§ WHAT TO PRODUCE:
Copy each line, word for word, from the one with "Рис. 17.Окулировка в" through the final line of the listing, but skip the pictures.

§ INFORMATION SUPPLIED:
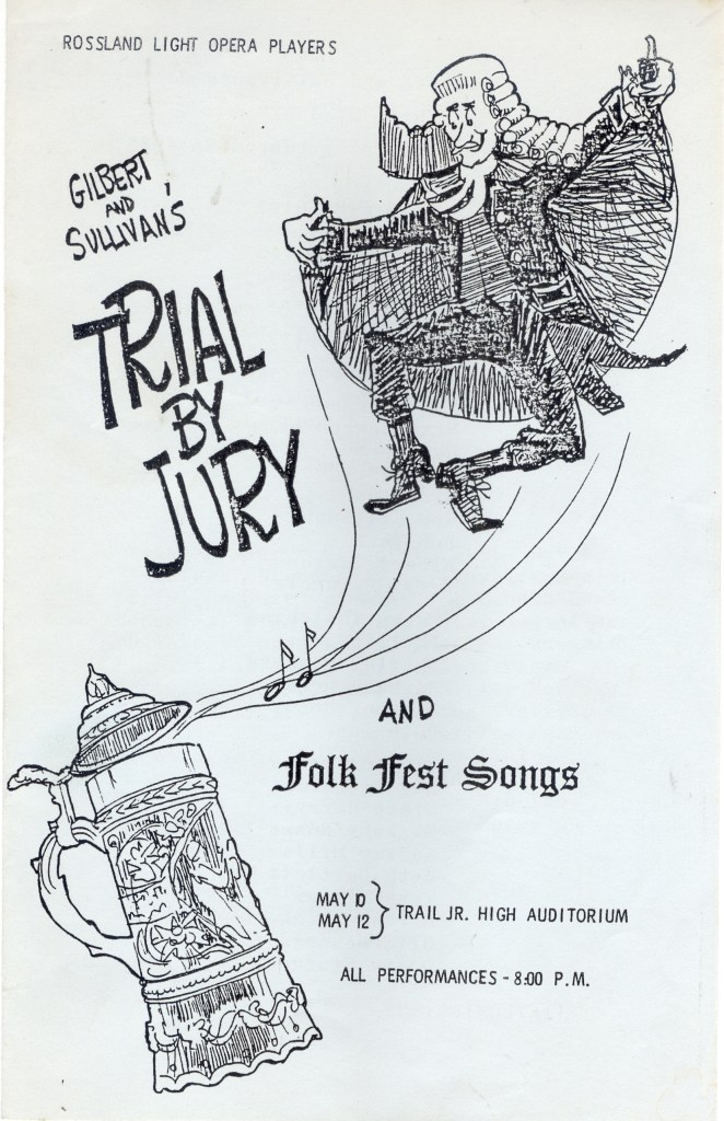 This show came soon after “Little Mary Sunshine”. George played the lead role as Judge, and I was a member of the jury. As “Trial By Jury” is about half as long as a regular production, the second half of the performances featured singing of rousing German Beer Hall-style songs. 1978.
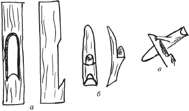 Рис. 17.Окулировка в приклад: а– форма разреза на подвое;б– щиток без листового черешка;в– положение щитка перед вставкой
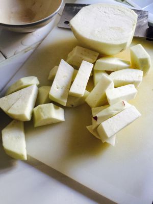 柿子用开水浇一下,把柿子皮扒掉,切块儿备用。

§ EXERCISE RESPONSE:
 Рис. 17.Окулировка в приклад: а– форма разреза на подвое;б– щиток без листового черешка;в– положение щитка перед вставкой
 柿子用开水浇一下,把柿子皮扒掉,切块儿备用。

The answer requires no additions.